On the whole, perhaps the most precise method for the determination of higher alcohols in spirits is the Dupre-Marquardt process as improved by Allen, Schidrowitz, and others, and now generally known as the "Allen-Marquardt " method. It is, however, somewhat lengthy and troublesome, and, moreover, it cannot claim to be scientifically accurate in the sense defined above, since no determination of the separate alcohols is obtained. All are expressed in terms of amyl alcohol. Further, there is at the outset the objection that if secondary alcohols such as isopropyl alcohol or secondary butyl alcohol are present they are not, in theory, properly taken account of. Isopropyl alcohol on oxidation is converted into acetone, and would not be shown at all in the result. Secondary butyl alcohol, if oxidised beyond the ketone stage, yields eventually two molecules of acetic acid for each molecule of the alcohol, and thus would give an unduly high result. True, if both these alcohols occur together the errors tend to neutralise each other, but there is yet a further objection. It has been shown by direct experiment upon known quantities of the individual higher alcohols that whilst good results are obtainable in the case of amyl alcohol, the butyl and propyl alcohols are much under-estimated by the process. Thus Bedford and Jenks,1 in testing the Allen-Marquardt process, obtained results of which the following is a summary: -

Alcohol.

Found. Percentage of quantity added.

Amyl ..........................................................

93

to

110

n-Butyl .........................................................

30

"

70

Isobutyl ........................................................

26

"

52

n-Propyl .......................................................

13

"

31

A part of the losses was found to be due to the fact that when the carbon tetrachloride extract of the higher alcohols is washed with solution of sodium chloride and sodium sulphate in order to free it from ethyl alcohol, some portion of the intermediate alcohols is removed at the same time. This, indeed, is only what would be expected. If amyl alcohol were practically the only higher alcohol present, the Allen-Marquardt procedure would give excellent results.
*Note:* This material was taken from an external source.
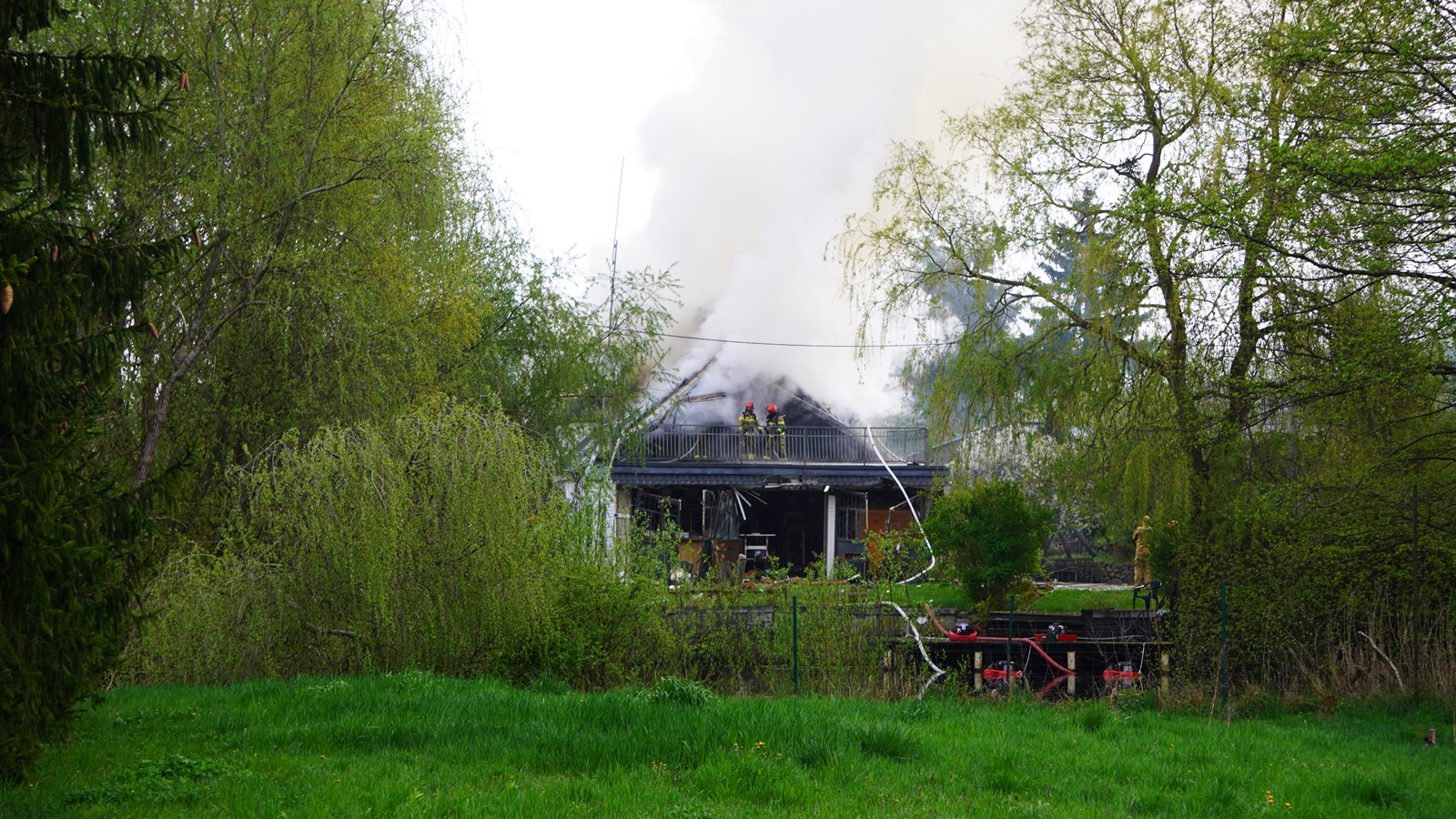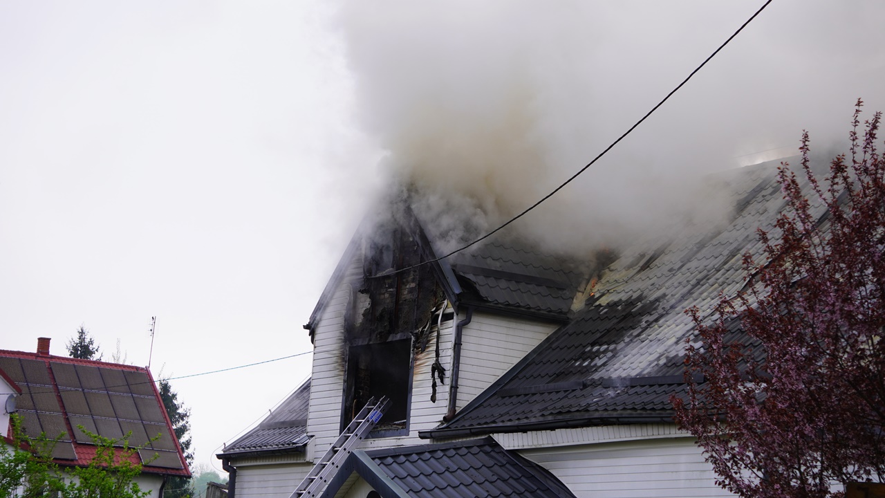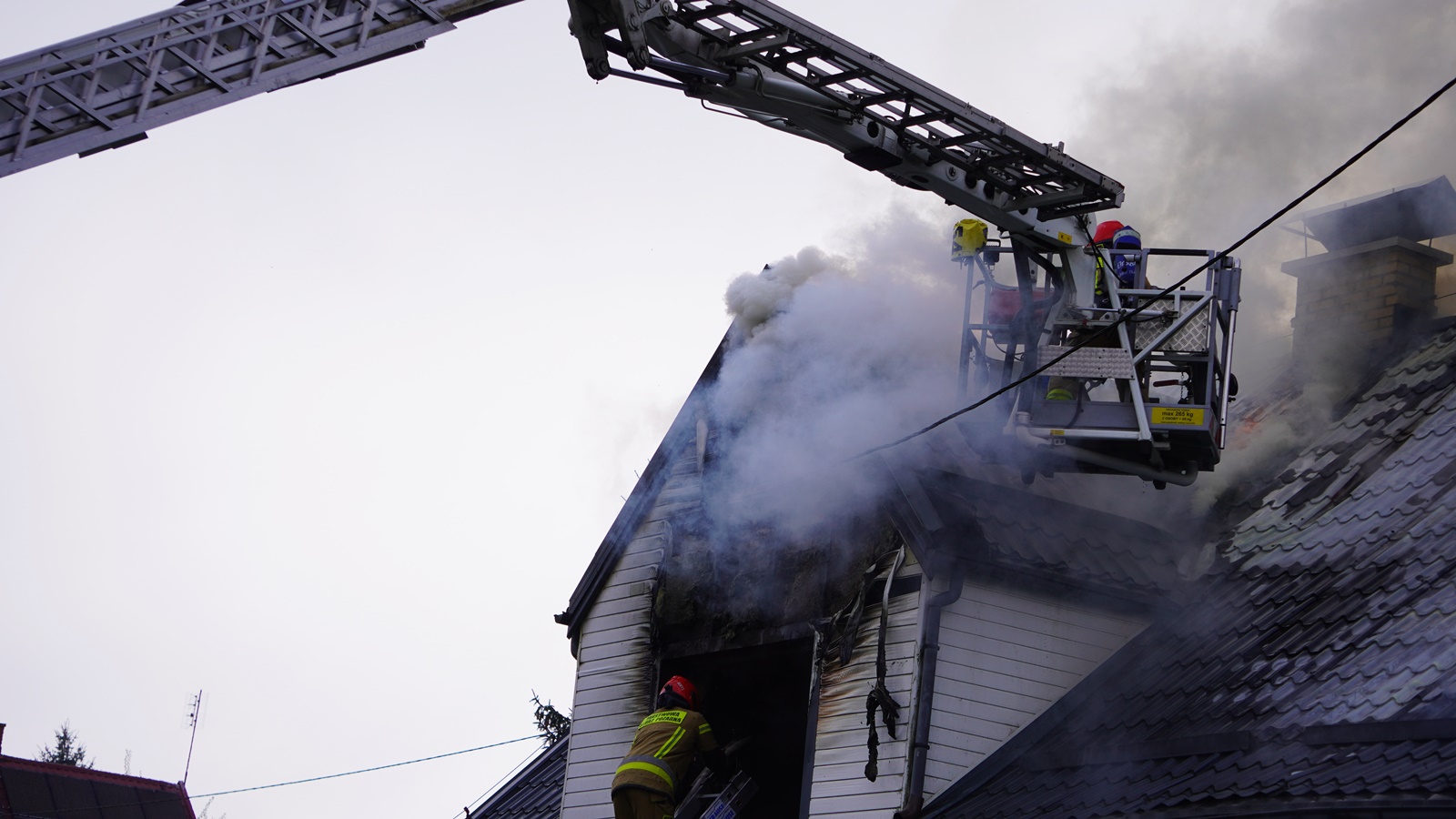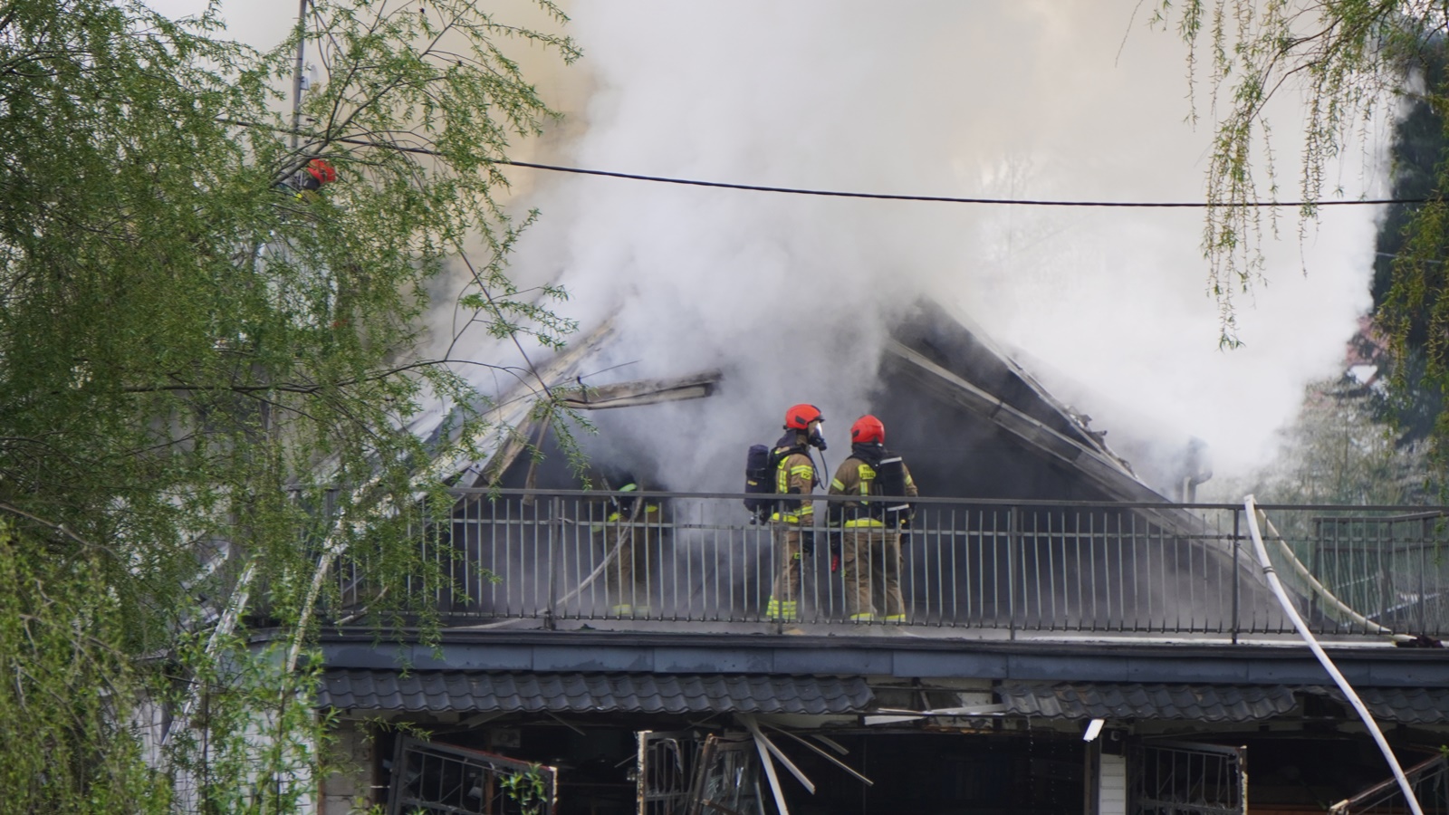 "Po przybyciu na miejsce zostano pożar w pełni rozwinięty na poddaszu budynku. Doszło tam do wybuchu niewiadomego pochodzenia. Ratownicy podczas działań znaleźli w budynku dwie butle gazowe, które zostały zabezpieczone i schłodzone w pobliskim stawie"

Much the same remarks apply to the Beckmann method as to the Allen-Marquardt process, in respect of the loss in washing and the expression of the results in terms of one unit.
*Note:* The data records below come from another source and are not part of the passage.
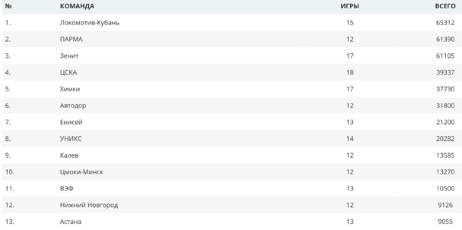 В прошедшем игровом году «Локо» провел 15 матчей, которые посетили 65 тыс. 312 болельщиков. Второй стала пермская «Парма», за 12 игр собравшая 61 тыс. 390 человек. Третье место занял питерский «Зенит» — 61 тыс. 105 зрителей в 17 матчах.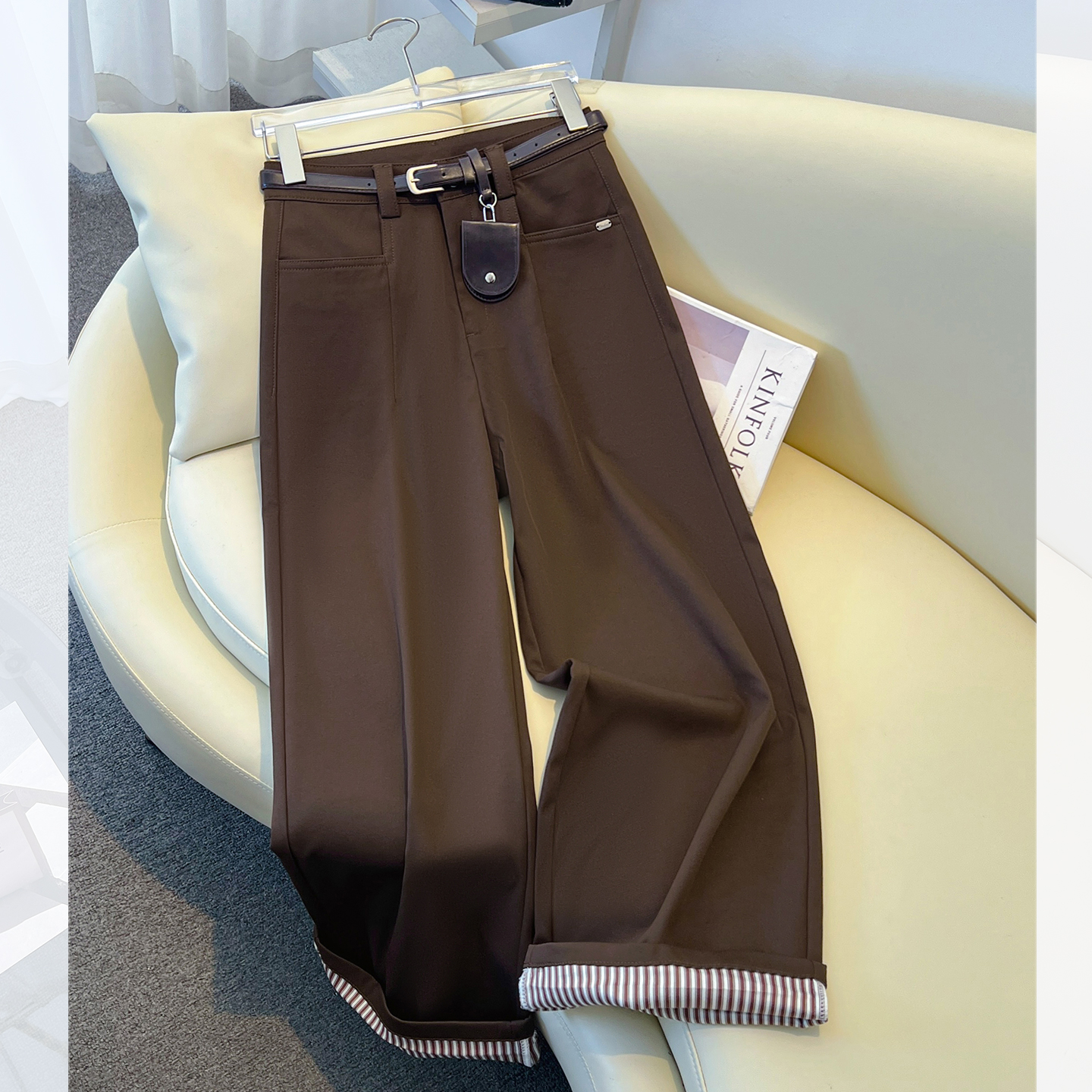 JONIbyBEB 秋冬版型ju好暗红反面皮绒腰带装饰脚口翻边阔腿牛仔裤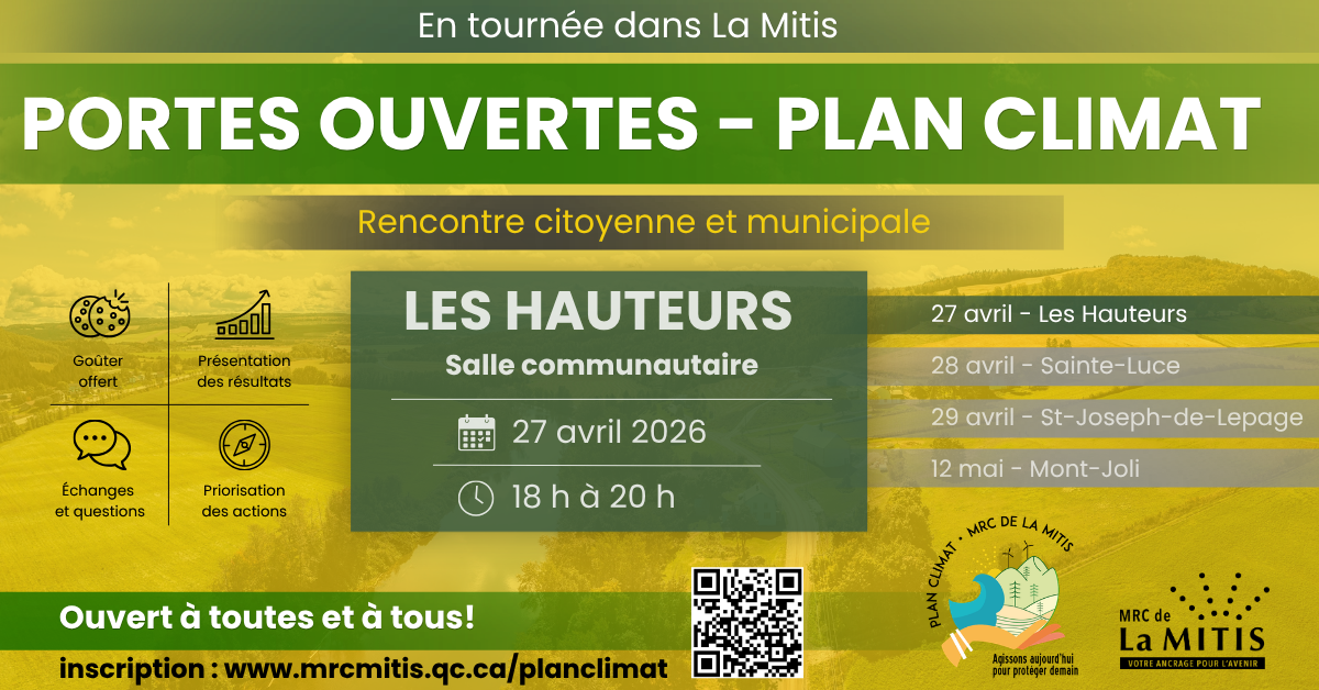 La MRC de La Mitis lance officiellement sa tournée de portes ouvertes citoyennes et municipales dans le cadre du Plan climat, qui se tiendra dans les prochaines semaines à travers le territoire.

The nearest approach in principle to an accurate method of analysis is that due to Bardy, inasmuch as the propyl alcohol is determined separately, and it would be possible to estimate the respective proportions of amyl and butyl alcohols, if these were the only others present, by converting them into the corresponding mixed acids and finding the combining weight. The process appears, however, to be devised for the estimation of larger quantities of higher alcohols than are usually present in potable spirits, and it is undeniably lengthy and troublesome.

As regards the Rose process, it suffers in principle from the fact that the various alcohols produce different amounts of increase in the volume of the chloroform, one part of amyl alcohol being equivalent to nearly six parts of propyl alcohol in this respect. It requires very careful attention to details of temperature and manipulation. According to W. L. Dudley,2 the results are much higher than those obtained by the Allen-Marquardt process, though a marked relationship is observable between the results given by the two methods. This author gives an account of the precautions necessary in using the Rose process. He considers the Allen-Marquardt method the better, as it is more rapid, has fewer sources of error, and gives the amyl alcohol content more accurately.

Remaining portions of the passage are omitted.